Foraging is essential for animals, providing energy for all fitness-related activities. While foraging decisions are often viewed as maximizing intake and minimizing costs, this food-centric view overlooks the role of specific nutrients. In the wild, animals face various environmental challenges that trigger physiological responses, such as glucocorticoid-driven metabolic shifts altering nutritional demands and should therefore directly influence dietary choices. Hence, foraging decisions should be readily explicable at the nutrient levels. In my thesis, I examined how environmental risks, such as resource uncertainty, seasonal changes, and predation risk affects foraging behaviour and nutritional intakes in the tropical lizard, Psammophilus dorsalis, highlighting strategies employed to meet changing nutritional needs.

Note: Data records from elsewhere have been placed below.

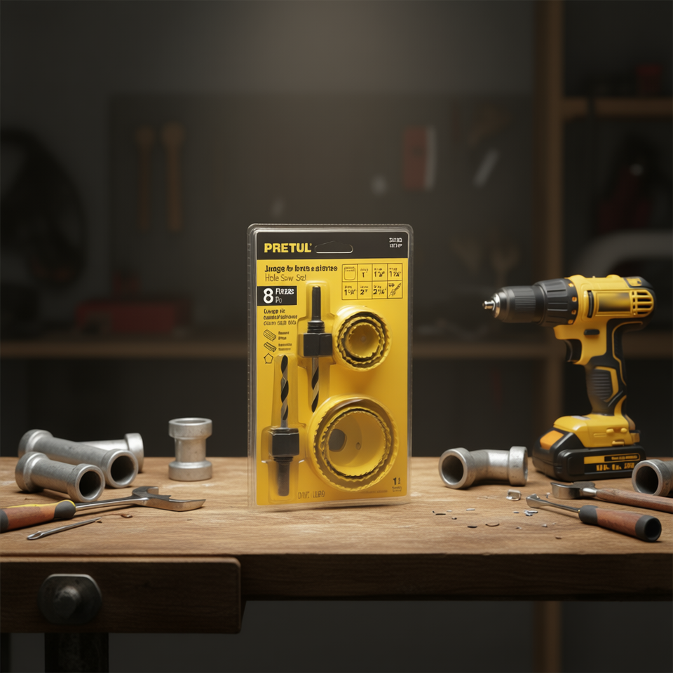 Kit de scie cloche Pretul 8 pièces avec forets en acier au carbone et mandrin pour la découpe du bois, comprend 7 scies et 1 arbre, mesure impériale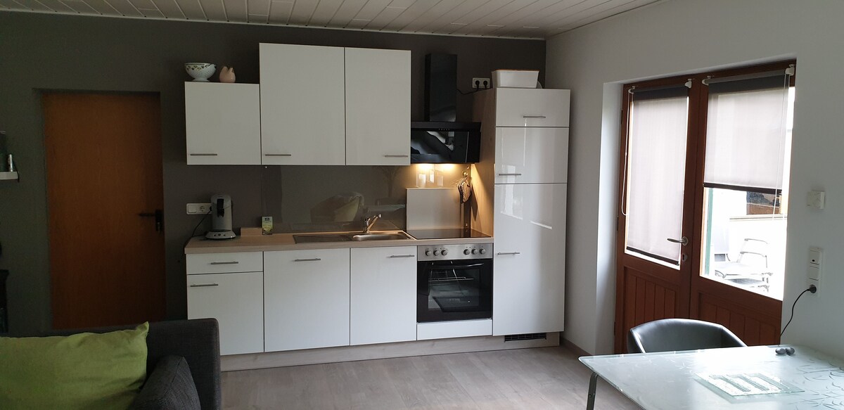 Ifulethi elithokomele, elithulile linefenisha enothando oluningi. Ifulethi elithokomele linekhishi elinakho konke, igumbi lokugezela elisha, elihle nelokuphumula elivulekile nekamelo lokulala elinebhalkoni ebheke eningizimu. Indlu yethu isendaweni ekhula yewayini yase-Mosel-Saar-Ruwer. Thola i-Trier, idolobha elidala kunawo wonke e-Germany, i-Saarburg yezithandani, kanye ne-Luxembourg ukusuka lapha. Ukupaka kanye nesikhala segalaji samabhayisikili nezithuthuthu sikhona.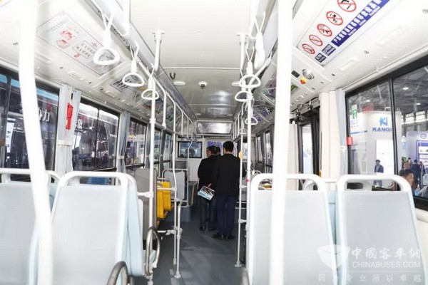 整车采用30%高强度钢混搭方式,应用多项轻量化新材料,不仅为整车“瘦身减重”,而且使车辆“坚实可靠”。车身三门全通,加车厢离地小于340mm的低地板设计,让乘客上下自如。同时,中车电动自主研发的“双绕组”电机也现身展会。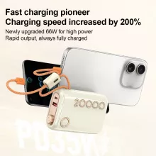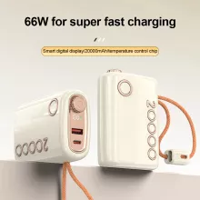 This high-capacity power bank delivers 20000mAh of energy, enough to recharge your smartphone multiple times. With an impressive 66W fast charging output and a 65W max input, you can juice up your devices quickly and recharge the power bank itself in less time. The built-in cable ensures you never have to worry about forgetting your charging cord, while the lightweight hanging design makes it easy to carry with you wherever you go. Certified to China’s strict CCC standards, it meets high safety and performance benchmarks.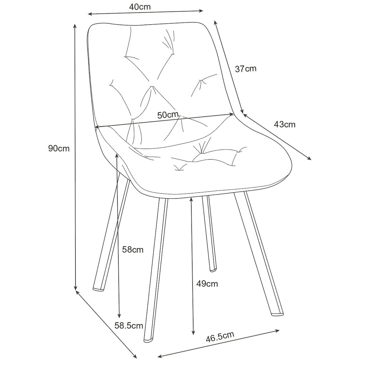 Gestepptes Stuhl für Ess- und Wohnzimmer aus Veloursmaterial.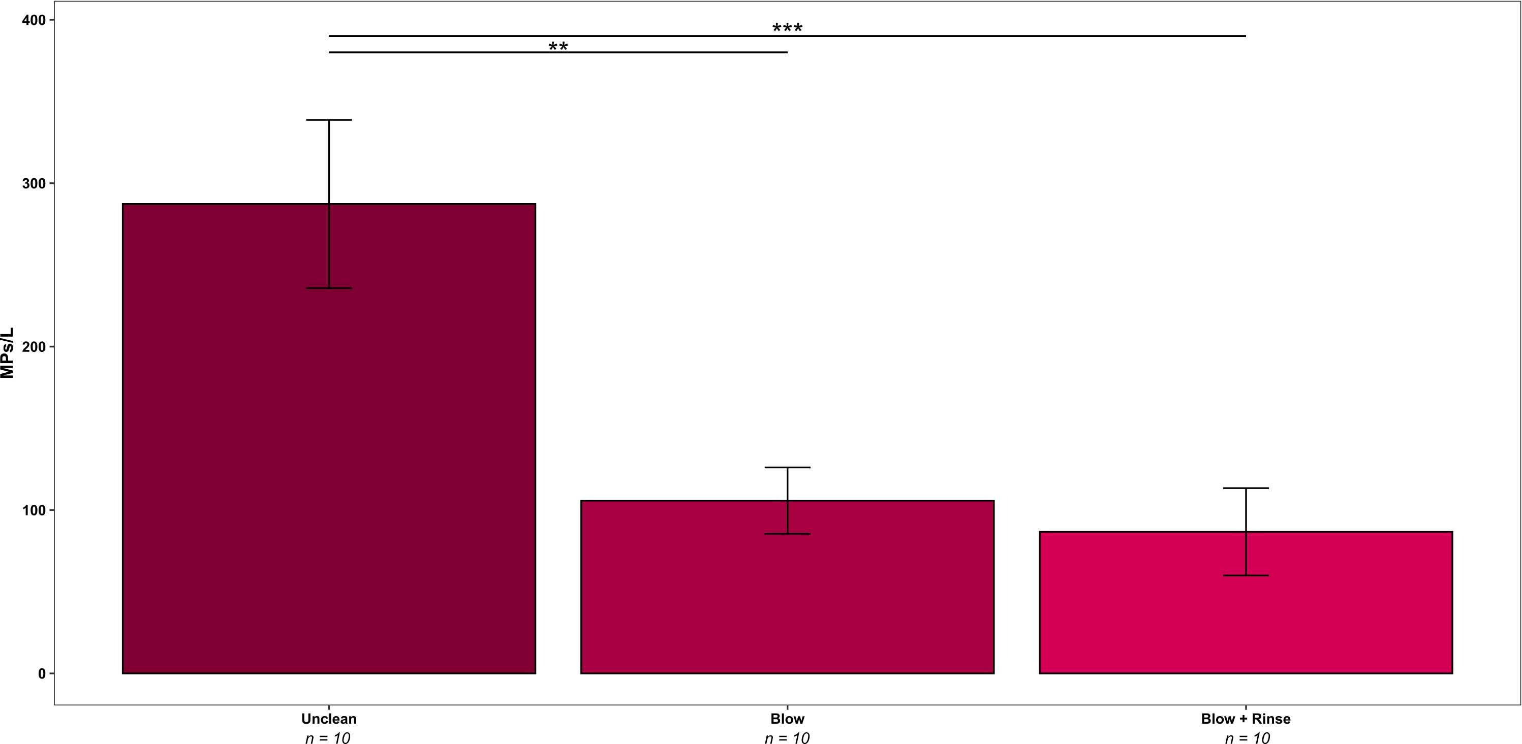 - Next, they treated the caps by blowing them clean with air, a process that reduced contamination by 63% (to 105.8 MPs/L), significantly less than the untreated caps.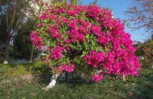 三角梅为藤状灌木或小乔木,常绿植物。茎粗壮,枝下垂,无毛或疏生柔毛;刺腋生,长5-15毫米。叶互生;有柄,叶片纸质,卵形或卵状披针形,花顶生枝端的3个苞片内,花梗与苞片中脉贴生,每个苞片上生一朵花;苞片3枚,叶状,紫色或洋红色,长圆形或椭圆形,长2.5-3.5厘米,宽约2厘米,纸质;花被管长约2厘米,淡绿色,疏生柔毛,有棱,顶端5浅裂;雄蕊6-8;花柱侧生,线形,边缘扩展成薄片状,柱头尖。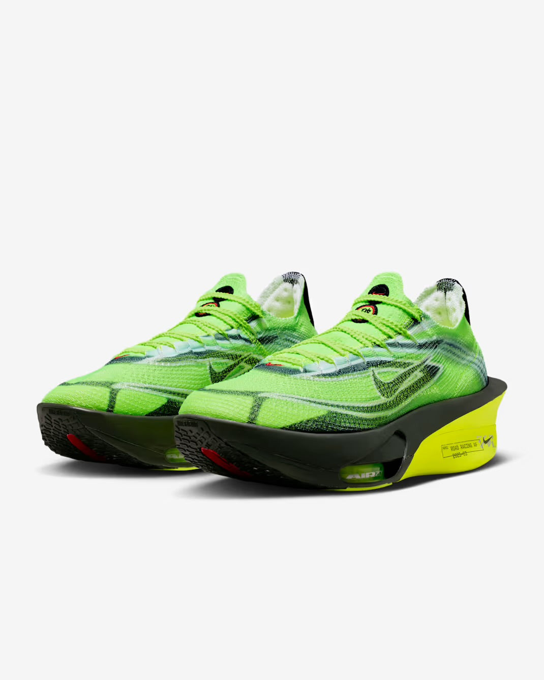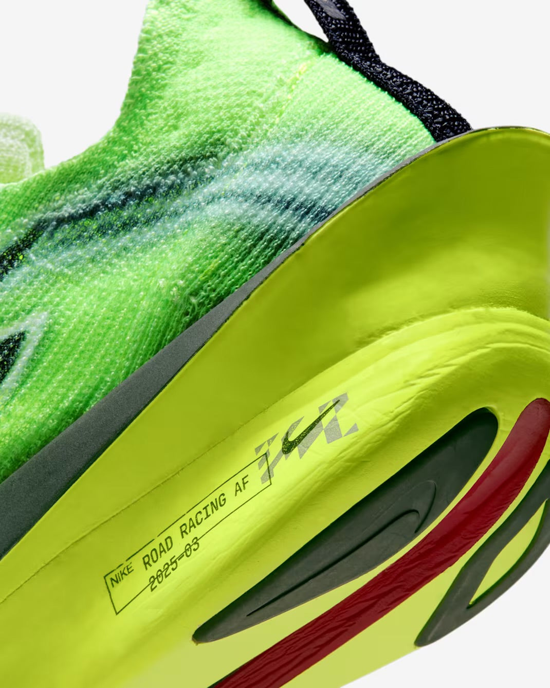 Nike Alphafly 3 Men's Road Racing Shoes Fine-tuned for marathon speed, the Alphafly 3 helps push you beyond what you thought possible. Three innovative technologies power your run: A double dose of Air Zoom units helps launch you into your next step; a full-length carbon fiber plate helps propel you forward with ease; and a heel-to-toe ZoomX foam midsole helps keep you fresh from start to 26.2. Time to leave your old personal records in the dust. Energy Return for Your Marathon Two forefoot Air Zoom units combine with ZoomX foam to store and return the energy back to you, powering every step. Propulsive Feeling A full-length carbon fiber plate delivers a propulsive sensation that helps you smoothly transition through every stride and tackle turns with confidence. Cushioned Ride Fully connected ZoomX foam creates an ultralight and cushioned feel, helping you stay fresh and comfortable from km 1 to 42.2. What's New About the Alphafly 3? The Alphafly 3 is Nike's lightest Alphafly ever, featuring a slightly wider carbon fiber plate for increased stability, a fully connected ZoomX foam midsole for smoother transitions and an all-new Atomknit upper designed for improved multidirectional containment and breathability. Notched laces offer a secure but soft lace-up. An integrated knit tongue with lofted padding helps alleviate lace pressure.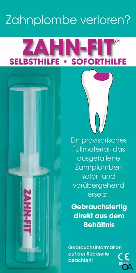 ZAHN-FIT® ist ein Medizinprodukt der Klasse 2a. ZAHN-FIT® ist ein sicheres, auf Zinkoxid basierendes Zahnfüllmaterial, das bei Kontakt mit Speichel aushärtet. Es wird verwendet, um Hohlräume im Zahn zu füllen, die nach dem Verlust einer Gold-, Amalgam-, Kunststoff- oder Keramikplombe entstehen. Einmal appliziert bietet ZAHN-FIT® ausreichenden, vorübergehenden Schutz für den Zahnpatienten. Man kann in Ruhe und ohne zeitlichen Druck einen Zahnarzttermin vereinbaren. Zahnärzte sind mit Provisorien dieser Art vertraut und können ZAHN-FIT® ohne Probleme entfernen.

Reptiles exhibit physiological adaptations for torpor, helping them combat energetic shortages in the wild. Hence, we first tested whether tropical lizards adjust foraging choices in response to resource uncertainty risk by manipulating their starvation levels. We found that satiated lizards avoided risk while starved lizards took greater risks, providing novel evidence of risk-sensitive foraging in a tropical reptile. We then explored how seasonal variation in glucocorticoids is linked to life-history stages of lizards and affect their dietary nutritional intakes and excretion in the wild. We found that, despite seasonal variation in stress-induced glucocorticoids, lizards maintained a consistent carbon:nitrogen intake ratio. However, glucocorticoids negatively correlated with faecal compositions, suggesting post-ingestive nutritional retention as a possible strategy to meet physiological demands.
Expanding on our findings from previous chapters, we explored post-ingestive elemental retention in response to physiological stress as an adaptive strategy to meet energetic demands during challenging states. In a lab experiment, we manipulated stress levels and measured carbon and nitrogen retention. Lizards selectively reduced nitrogen retention efficiency alone when compared to their wild diets highlighting the need to study compensatory strategies that animals employ to achieve their nutrient goals. In my final chapter, we explored how predation risk affects prey dietary choices by testing two hypothesis – the food safety trade-off and nutritional optimization. By manipulating ‘what to eat’ and ‘where to eat’, we studied dietary choices and measured macronutrient intakes by lizards. Results revealed novel support for both hypotheses in governing dietary choices of lizards when faced with predation risk, offering new insights into how fear shapes nutritional decisions of prey.
Overall, my thesis shows how animals integrate environmental cues with physiological needs to guide foraging decisions and optimize nutrient intakes under diverse ecological challenges.